И.ВОРОБЬЕВА – Сергей Константинович, вы говорили о том, как принимаются решения коллективно, командой и лично. Вот вы лично чувствуете свою ответственность, как человека, который был на госслужбе, за события, которые привели к негативным последствиям, и, если да, то какие именно решения, ваши личные решения, не командные решения на ваш взгляд привели к негативным последствиям для экономики России, для населения страны?

С.ДУБИНИН – Это такой, серьезный, конечно, поворот разговора. Я до сих пор сомневаюсь в правильности того, что я не поддерживал, если говорить о Центральном банке, решения по создания агентства по страхованию вкладов. Я понимал, просто, что из истории экономической любой страны рыночной, что какая-то череда разорения по вкладам будет неизбежна, то есть банки будут рушиться.

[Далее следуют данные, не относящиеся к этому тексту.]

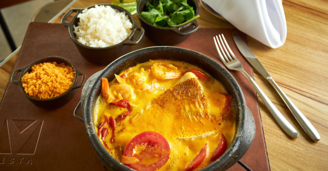 A moqueca está presente no cardápio dos dois endereços do Vista. Na unidade do Ibirapuera, o prato tem camarões e peixe fresco do dia, cozidos em caldo de peixe com leite de coco, dendê, pimentões pelados, tomate, cebola e coentro fresco. Acompanha arroz e farofa. Na filial dos Jardins, inclui também pirão entre os acompanhamentos. Neste endereço há ainda a alternativa vegana, com banana-da-terra, pupunha e castanha-de-caju cozidos em caldo de legumes com leite de coco, mais pimentão, tomates, cebola e coentro.
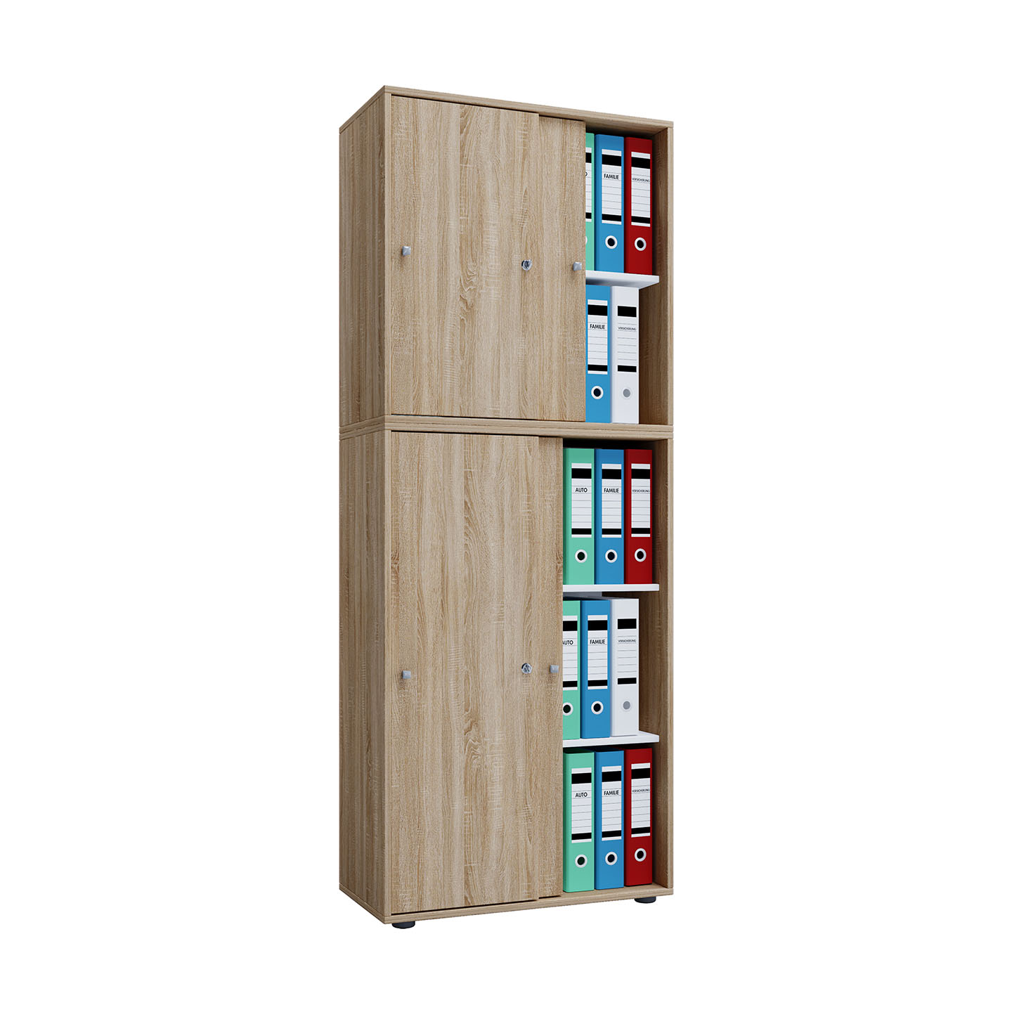 Lona XXL Büroschrank mit 4 Schiebetüren und Schloss Sonoma-Eiche dekor.

Мы не могли в тот момент отладить все эти две с половиной тысячи банков, которые тогда существовали и добиться, чтобы они работали. Сегодня-то это не удается в полном соответствии… — их закрывают и так далее.

И я понимал, что если создавать что-то типа страхования вкладов, то это огромные деньги, которые надо в это вложить. А люди не готовы были бояться этих банкротств. Они почему-то все были уверены, что каким-то образом, действительно, им государство обязано компенсировать. И мы, я считаю, правильно, объясняли, что нет этой компенсации, что вы сами выбираете, куда нести эти деньги. Ну, если вы несете деньги в «МММ», «Тибет» или еще что-то такое, то не надо банки превращать в такой же «МММ». До сих пор люди ориентируются часто по высокому проценту по депозитам. Но чем выше процент, чем больше риск – вот это надо четко понимать.

И вот не стал я поддерживать это решение, и в результате пришлось понимать более нестандартное решение, скажем, с передачей обязательств на «Сбербанк». Вот правильно это было или все-таки надо было создать АСВ – я не знаю до сих пор. В тот момент я был уверен в своем решении. Но, возможно, это было все-таки для людей очень болезненно. Потери там все-таки, конечно, наступили. Подобного рода вещи, наверное, можно еще вспомнить.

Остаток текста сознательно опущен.